Data records:
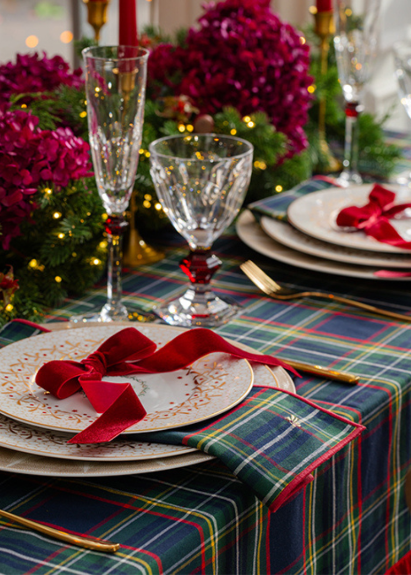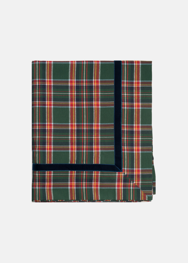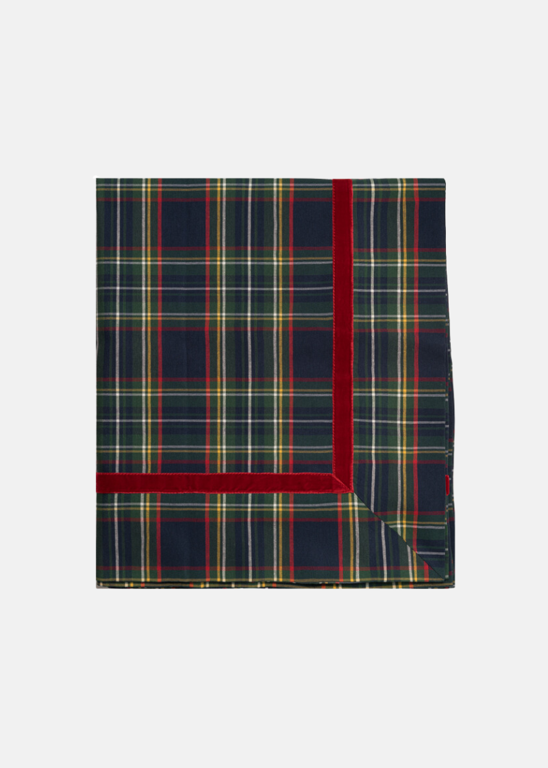 A quintessentially Christmas tablecloth featuring a signature tartan pattern. The tablecloth is available with either a Dark Blue piping detail or Red piping.
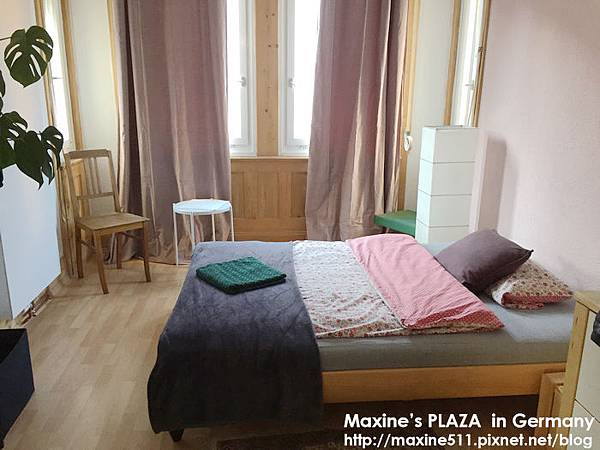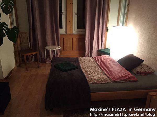 這個是客房,舒適的雙人床跟枕頭,床正對面的白色板子就是暖氣。根據德國的法律,如果房東的房間/房子沒有暖氣是不能租給別人的,所以請大家一定要注意慎選。不要看被子感覺薄薄的一條,其實很夠用了,我晚上也沒有特別穿的很厚,無印的薄長袖踢跟Uniqlo的薄棉褲,晚上還睡到小小出汗。我個人是覺得棉被的材質有保溫(不透風)的效果,所以蓋住全身後就不覺得冷了。
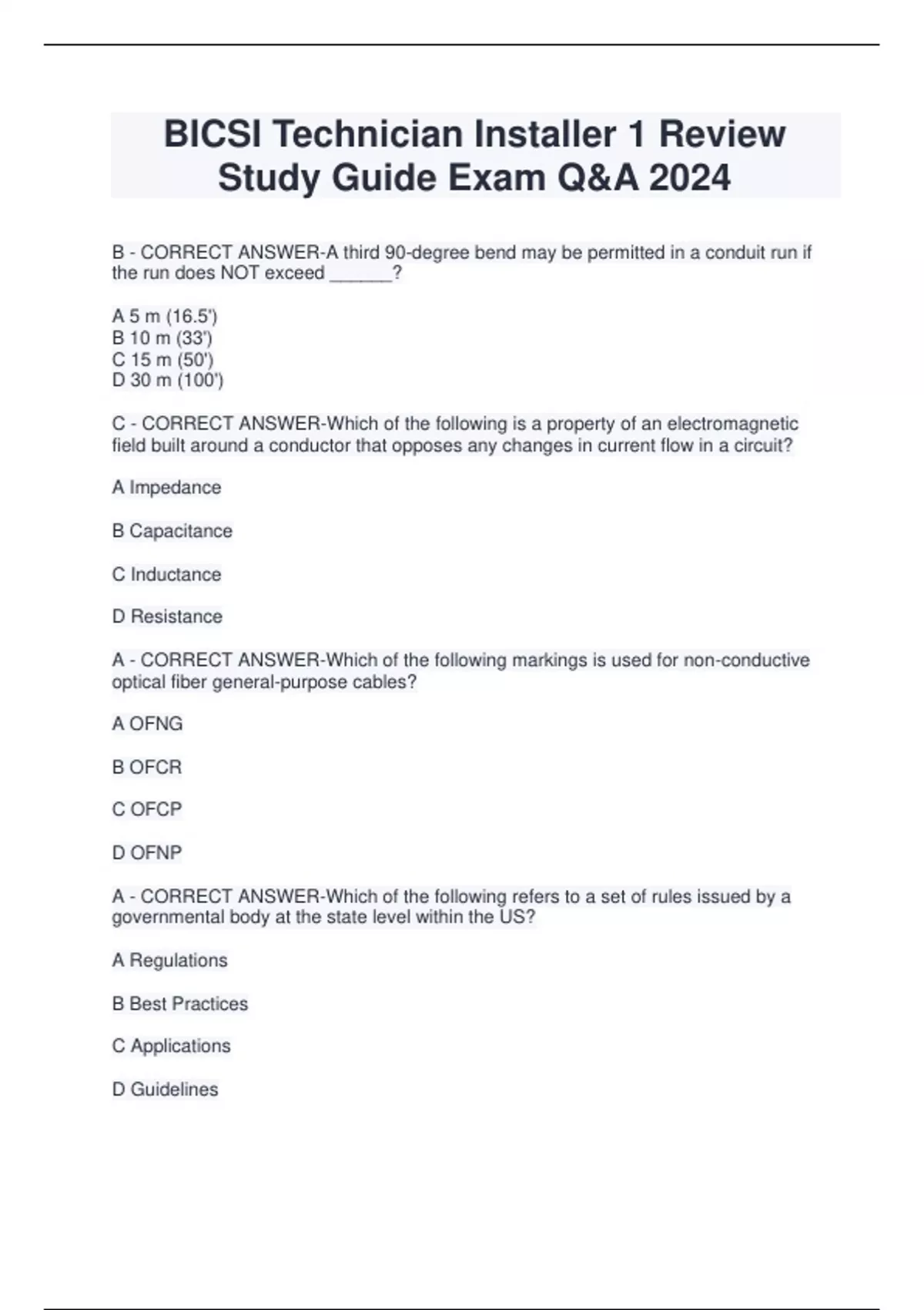 BICSI Technician Installer 1 Review Study Guide Exam Q&A 2024 B - CORRECT ANSWER-A third 90-degree bend may be permitted in a conduit run if the run does NOT exceed ______? A 5 m (16.5') B 10 m (33') C 15 m (50') D 30 m (100') C - CORRECT ANSWER-Which of the following is a property of an electromagnetic field built around a conductor that opposes any changes in current flow in a circuit? A Impedance B Capacitance C Inductance D Resistance A - CORRECT ANSWER-Which of the following markings is used for non-conductive optical fiber general-purpose cables? A OFNG B OFCR C OFCP D OFNP A - CORRECT ANSWER-Which of the following refers to a set of rules issued by a governmental body at the state level within the US? A Regulations B Best Practices C Applications D Guidelines B - CORRECT ANSWER-What is the specified performance level for Category 6 cable? A 100 MHz B 250 MHz C 500 MHz D 600 MHz A - CORRECT ANSWER-Which type of optical fiber cable should be color coded with an Orange outer cable sheath? A MM with a 100 um core diameter B Dispersion-shifted SM optical fiber C Polarization maintain SM optical fiber D SM optical fiber D - CORRECT ANSWER-Which of the following is the primary benefit of using wallmounted racks and cabinets in place of traditional equipment racks? A Provides equipment with a higher level of protection B Allows for the equipment to be easily rearranged C Optimizes airflow within the equipment room D Takes up less space within the equipment room C - CORRECT ANSWER-Which topology uses a linear configuration that places all network devices on one length of cable? A Star B Ring C Bus D - CORRECT ANSWER-Which of the Two organizations jointly oversee the worldwide standardization of telecommunications cabling? A Alliance for Telecommunications Industry Solutions (ATIS) and Society for Cable Telecommunications Engineers (SCTE) B National Electrical Contractors Association (NECA) and National Fire Protection Association (NFPA) C Comite Europeen de Normalisation Electrotechnique (CENELEC) and Electronic Industries Association (EIA) D International Organization for Standardization (ISO) and International Electrotechnical Commission (IEC) B - CORRECT ANSWER-Which of the following is designed to provide protection from harmful chemicals? A Cut-resistant gloves B Rubber gloves C Leather gloves B - CORRECT ANSWER-Which of the following is a building-serving space that houses large pieces of common active equipment? A TR B ER C TE D Mechanical Room E Battery room C - CORRECT ANSWER-Which phase of testing includes documenting the test results? A Phase 1 B Phase 2 C Phase 3 A - CORRECT ANSWER-Which of the following are typically used to support cables between a cable tray and work area outlets
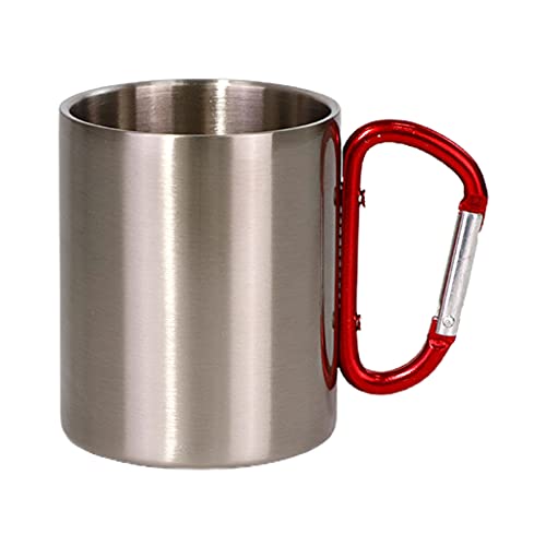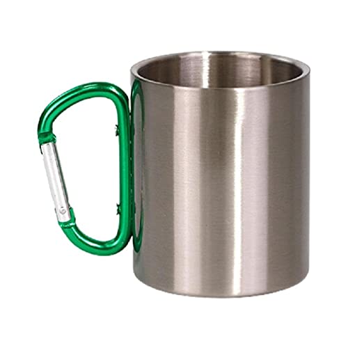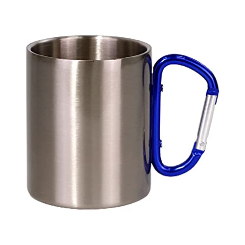 Tazza portatile da viaggio in acciaio inox personalizzata da 300 ml con moschettone a D manico acqua tazza da tè e caffè per sport all'aria aperta, campeggio, escursionismo, casa, ufficio, viaggio in
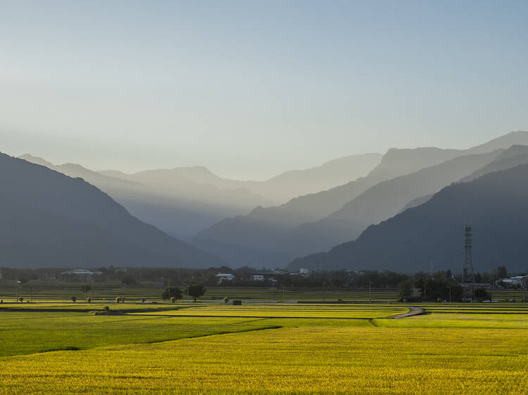 稻浪在风中写下绿色的五线谱,骑单车掠过没有电线杆的天际线。在田埂边打开热腾腾的池上饭包,米粒沾着阳光的味道。
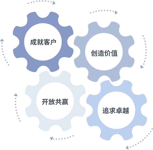 成就客户是一切决策的出发点,,,,创造价值是衡量所有工作的标准,,,追求卓越是雷火电竞做事做人的态度,,,,开放共赢是雷火电竞的格局也是最终的结果。。。。价值观的齿轮环环相扣,,推动着组织里的每个人不断向前。。
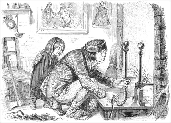 Aperçut un serpent sur la neige étendu,
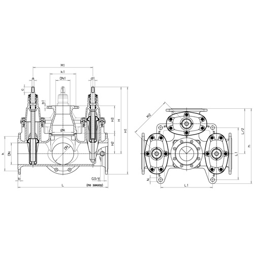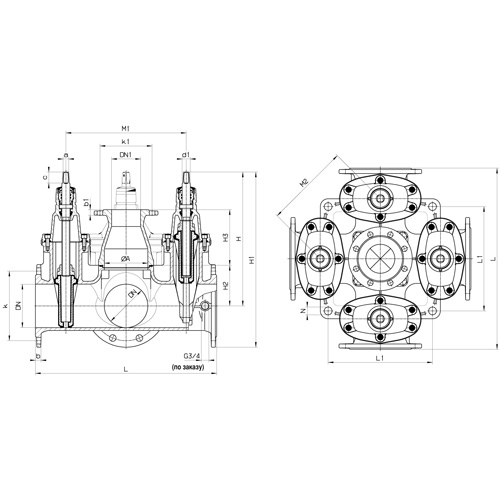 | ØА, (мм) | DN1, (мм) | L, (мм) | L1, (мм) | H, (мм) | H1, (мм) | H2, (мм) | H3, (мм) | b, (мм) | b1, (мм) | k, (мм) | k1, (мм) | М1, (мм) | М2, (мм) | h, (мм) | N, (мм) | а, (мм) | с, (мм) | d1, (мм) | 2 | 3 | |
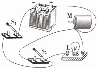 D.同时闭合 $ S_1 $、$ S_2 $,灯泡 $ L $ 和电动机 $ M $ 并联
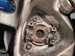 Was still having issues with my vacuum pump, brake booster system. Ordered up a new switch as that seems to be the problem (thanks to Lightspeed Mike for help figuring that out). Replaced it. It was now Monday afternoon and very happy with what I got done. Was fun to be back working on the truck. Off the stands and out for a test drive. Got about 2km into my test drive in a sub division around the corner from my place. Started, stopped going around corners, all good. Stopped, turned left and heard a big bang. Crap! now what. Stopped, looked but didn't see anything. Started going again and heard a thud and another and another, that's not good. Slow drive back to my place and up on stands it goes. This is what I found.
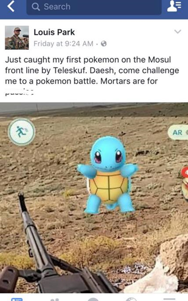 «Лишь что поймал своего первого покемона на мосульской линии фронта возле Телескуфа. ИГИЛ, потребуй меня на битву покемонов. Пушки для слабаков», — подписал он снимку.
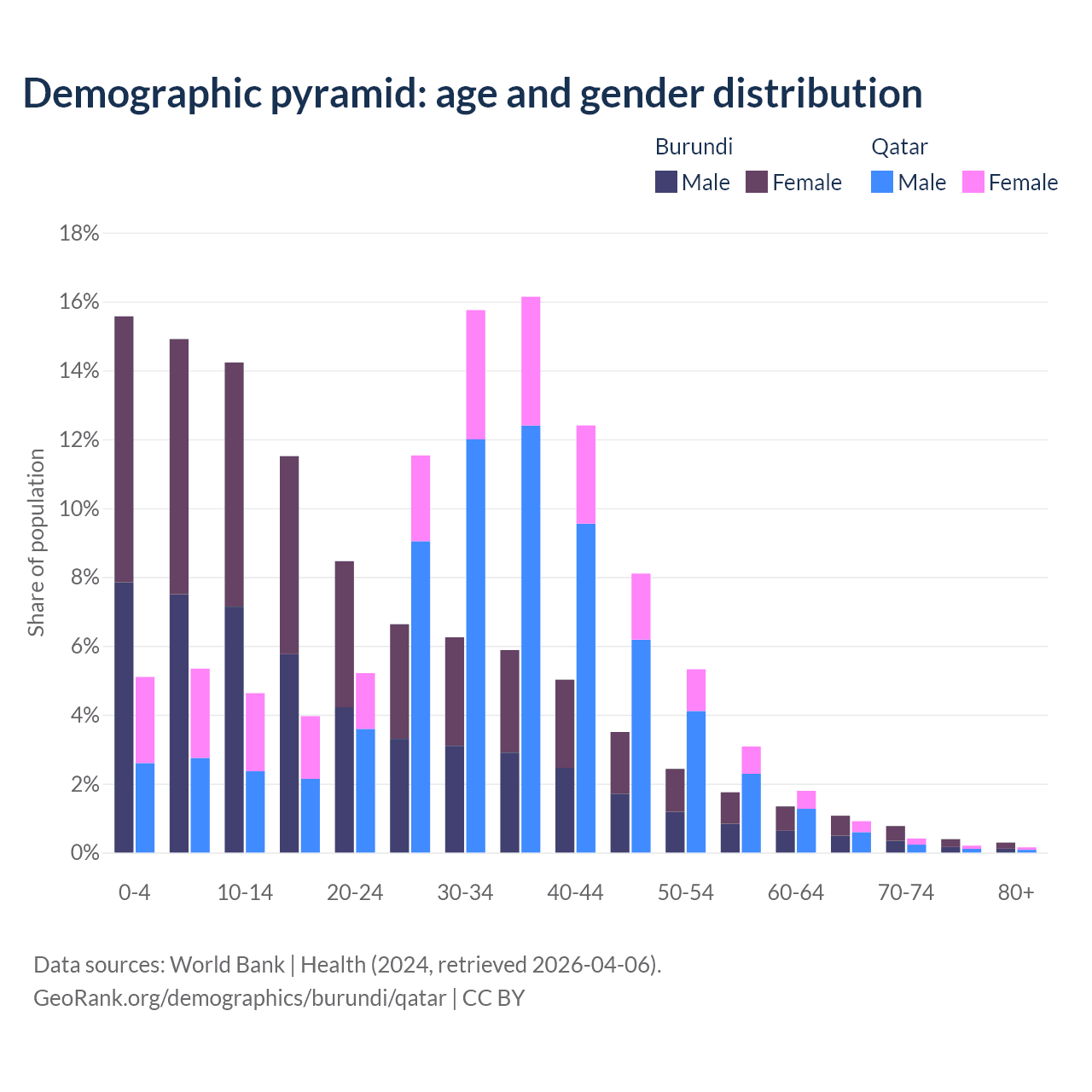 Demographics of Burundi compared to Qatar:
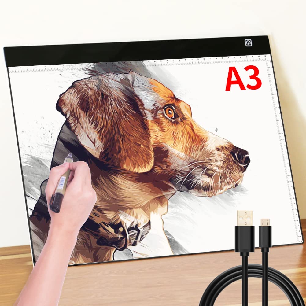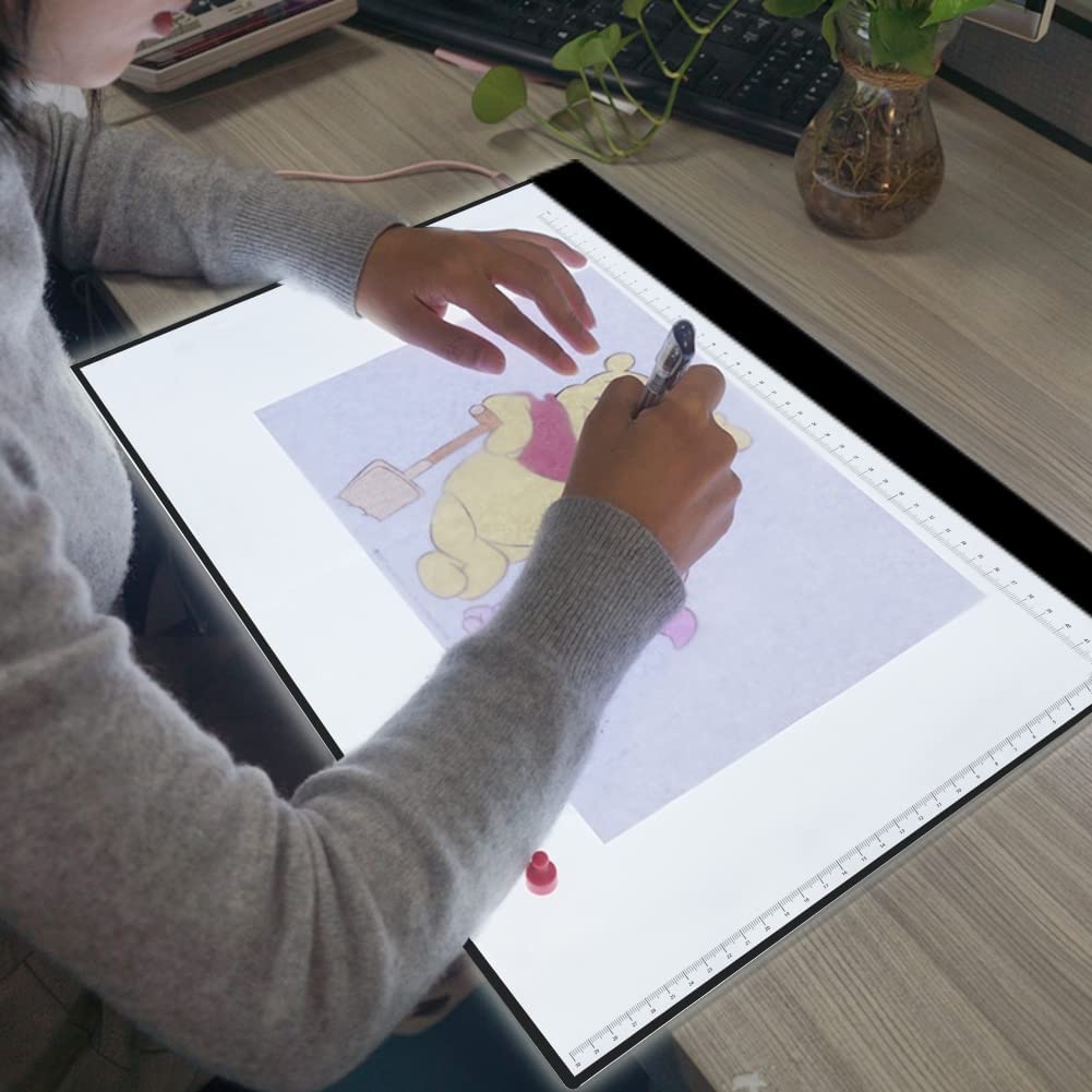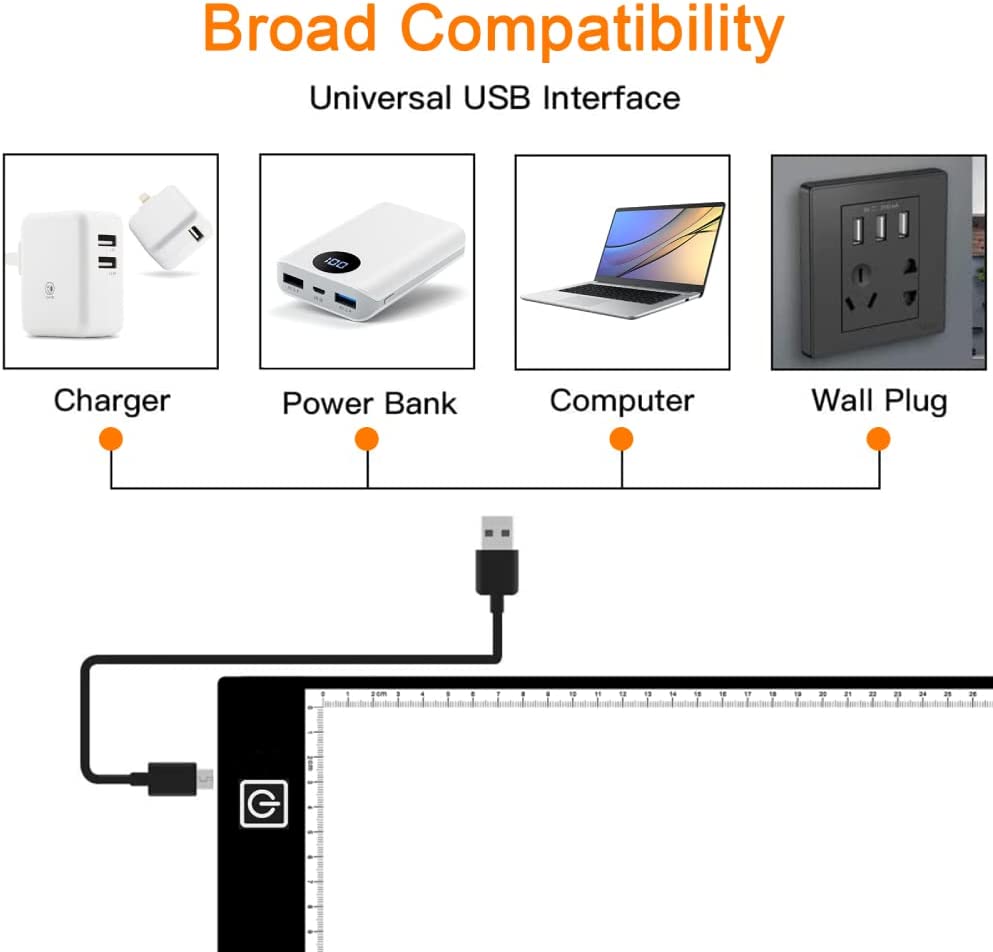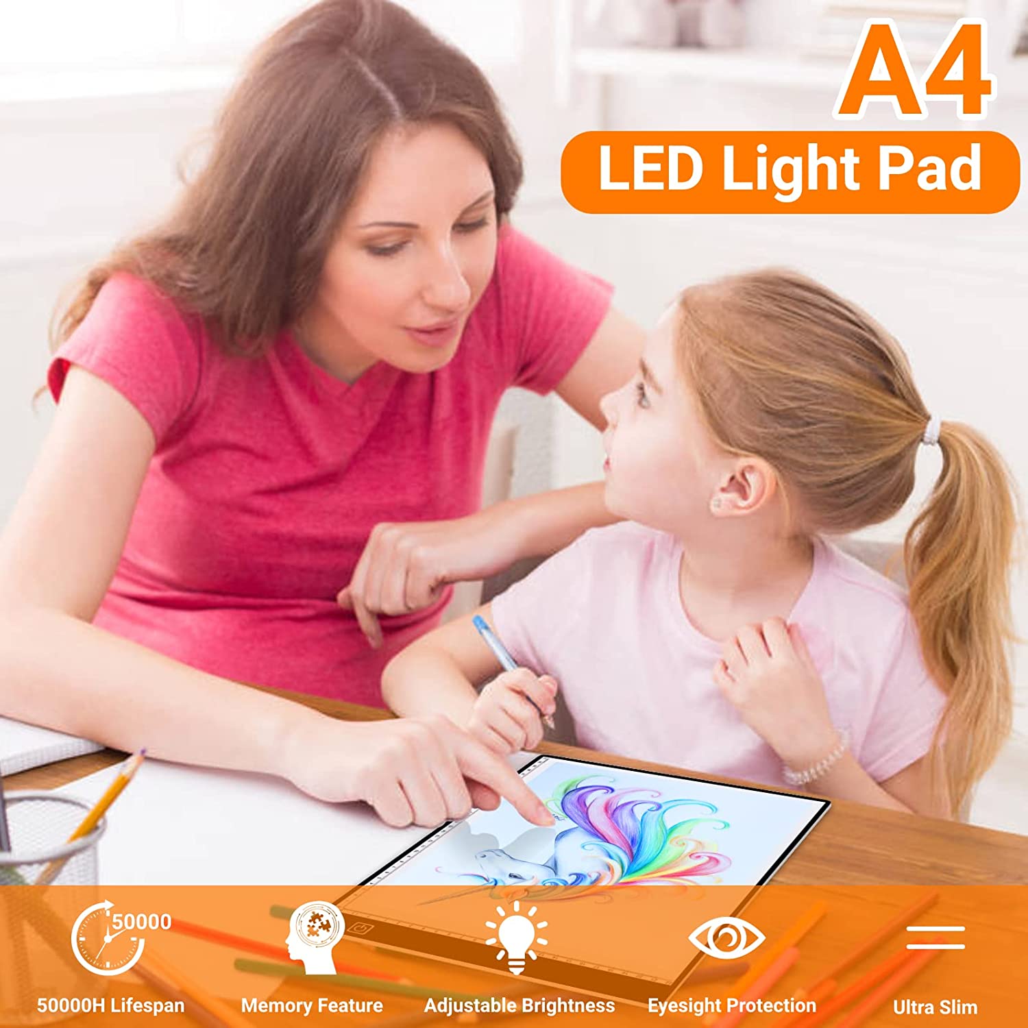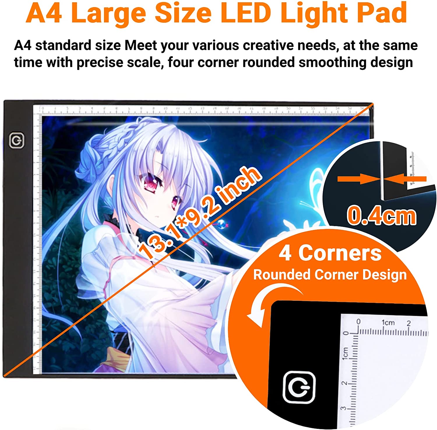 • ✅ PRECISION DESIGN&QUALITY FIRST-Our acrylic material A4 light pad is durable,anti-slip and drop-proof,with smooth rounded corners on the four corners,making it safer for you and your family to use! The light table has a scale and is equipped with a USB port data cable that can be used through any plug,which is convenient to use.

__Instructions for the task__
The expected output is an exact retyping of the lines from the line with "Demographics of Burundi" through the last line of the data, with both ends kept and the pictures dropped.

__Reply__
 Demographics of Burundi compared to Qatar:
 • ✅ PRECISION DESIGN&QUALITY FIRST-Our acrylic material A4 light pad is durable,anti-slip and drop-proof,with smooth rounded corners on the four corners,making it safer for you and your family to use! The light table has a scale and is equipped with a USB port data cable that can be used through any plug,which is convenient to use.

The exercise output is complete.